> **ENTRIES PROVIDED**:
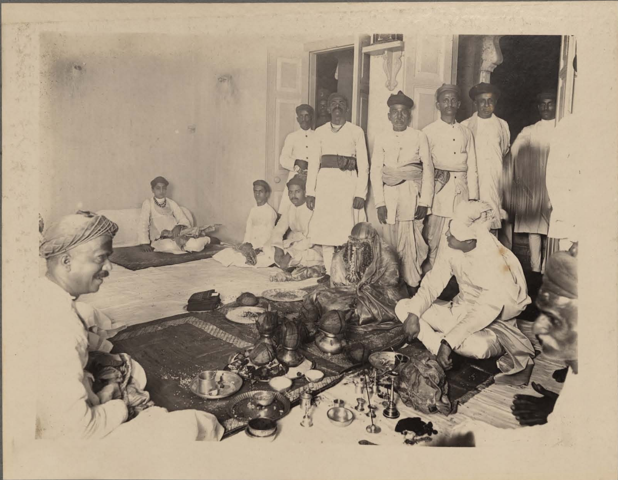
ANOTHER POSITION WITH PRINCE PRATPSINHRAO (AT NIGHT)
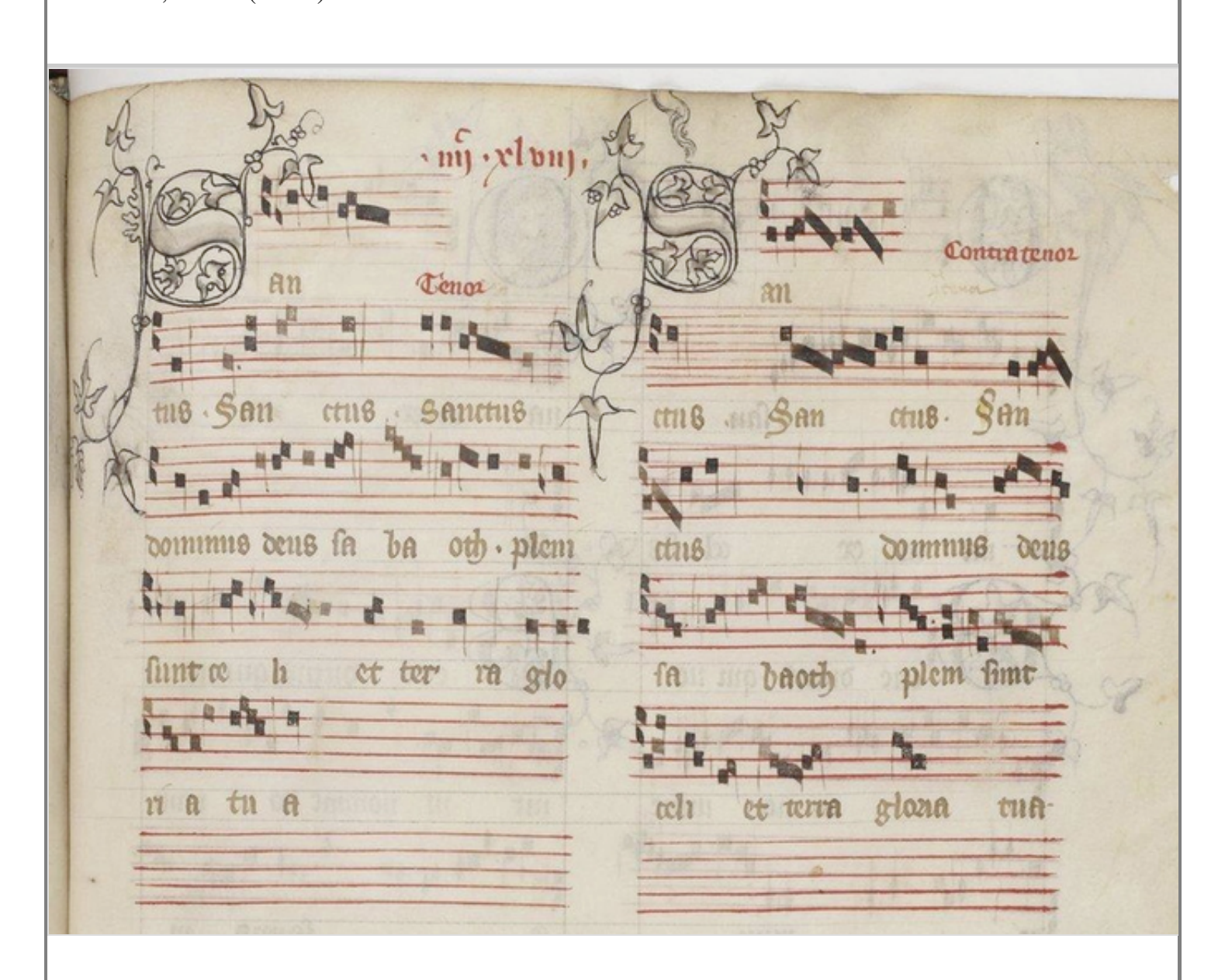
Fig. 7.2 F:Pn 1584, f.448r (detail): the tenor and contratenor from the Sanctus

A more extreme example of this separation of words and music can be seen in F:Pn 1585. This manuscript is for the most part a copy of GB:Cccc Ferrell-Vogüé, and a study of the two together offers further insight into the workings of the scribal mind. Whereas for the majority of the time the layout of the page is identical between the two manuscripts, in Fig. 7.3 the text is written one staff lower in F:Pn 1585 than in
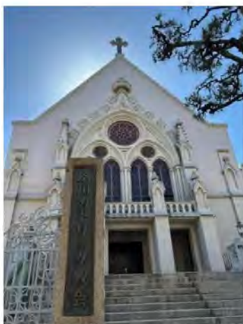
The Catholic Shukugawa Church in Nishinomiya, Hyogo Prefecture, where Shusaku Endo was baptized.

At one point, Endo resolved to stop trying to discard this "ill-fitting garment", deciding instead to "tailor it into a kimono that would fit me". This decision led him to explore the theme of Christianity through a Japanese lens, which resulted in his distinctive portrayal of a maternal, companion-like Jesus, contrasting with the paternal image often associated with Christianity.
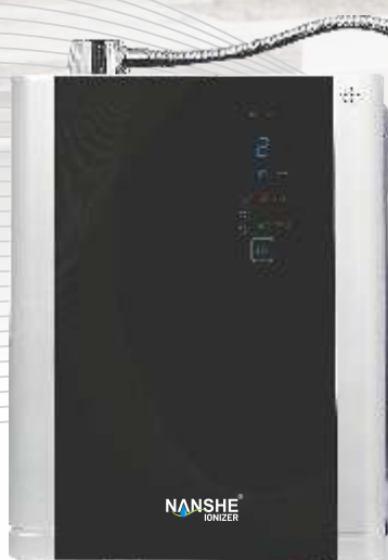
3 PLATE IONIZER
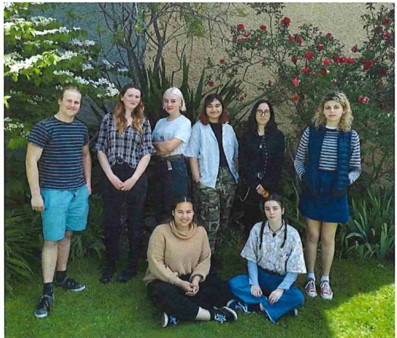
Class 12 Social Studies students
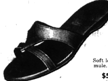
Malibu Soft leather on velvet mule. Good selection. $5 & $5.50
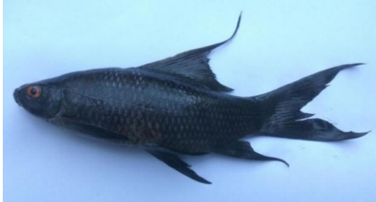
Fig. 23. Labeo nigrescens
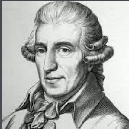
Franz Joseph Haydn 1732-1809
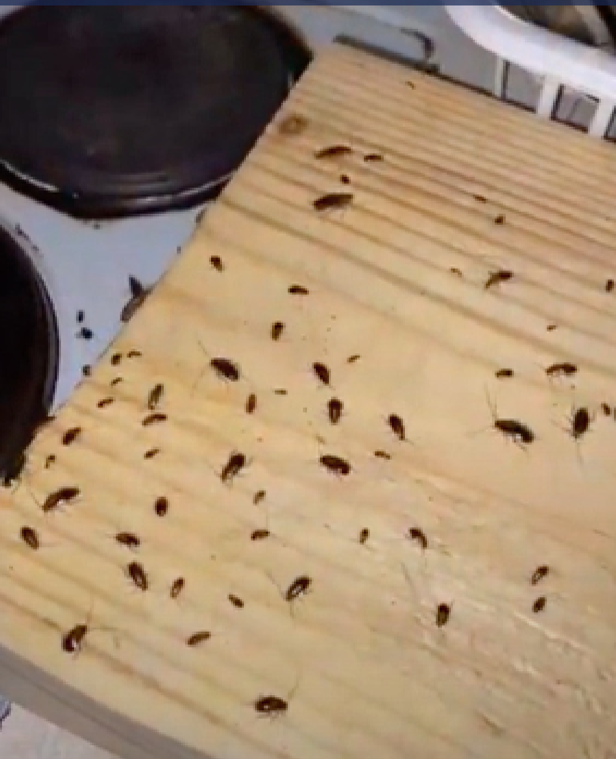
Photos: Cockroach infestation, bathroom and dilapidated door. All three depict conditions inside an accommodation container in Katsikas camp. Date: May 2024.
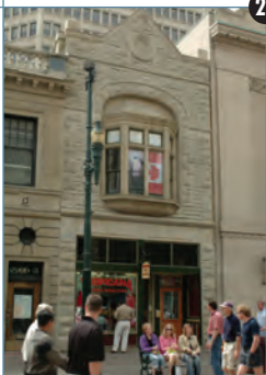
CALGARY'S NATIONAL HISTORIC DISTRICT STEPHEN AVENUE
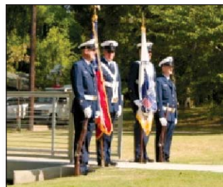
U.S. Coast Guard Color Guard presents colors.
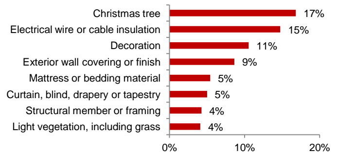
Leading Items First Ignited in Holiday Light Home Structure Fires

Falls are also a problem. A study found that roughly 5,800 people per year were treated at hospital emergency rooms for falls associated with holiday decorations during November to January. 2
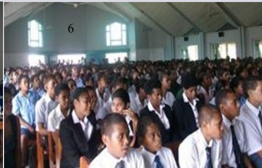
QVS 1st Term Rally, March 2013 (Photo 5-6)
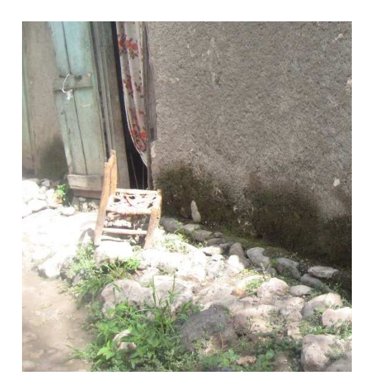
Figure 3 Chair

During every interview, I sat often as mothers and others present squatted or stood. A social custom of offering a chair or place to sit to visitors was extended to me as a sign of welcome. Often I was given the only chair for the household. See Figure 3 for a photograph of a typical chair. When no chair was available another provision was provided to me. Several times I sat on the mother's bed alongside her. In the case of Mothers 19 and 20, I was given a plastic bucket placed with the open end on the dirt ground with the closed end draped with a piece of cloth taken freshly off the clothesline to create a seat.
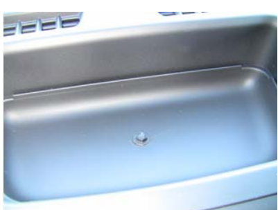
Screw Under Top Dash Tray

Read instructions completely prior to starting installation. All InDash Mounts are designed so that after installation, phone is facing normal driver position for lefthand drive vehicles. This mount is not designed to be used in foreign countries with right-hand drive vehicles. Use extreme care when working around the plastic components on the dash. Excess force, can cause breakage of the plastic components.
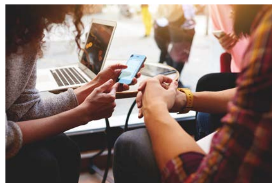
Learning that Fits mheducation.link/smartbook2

> **EXERCISE BRIEF**: From the first line above through the line containing "Fig. 7.2 F:Pn", copy everything exactly, without the pictures.

> **TASK ANSWER**:
ANOTHER POSITION WITH PRINCE PRATPSINHRAO (AT NIGHT)
Fig. 7.2 F:Pn 1584, f.448r (detail): the tenor and contratenor from the Sanctus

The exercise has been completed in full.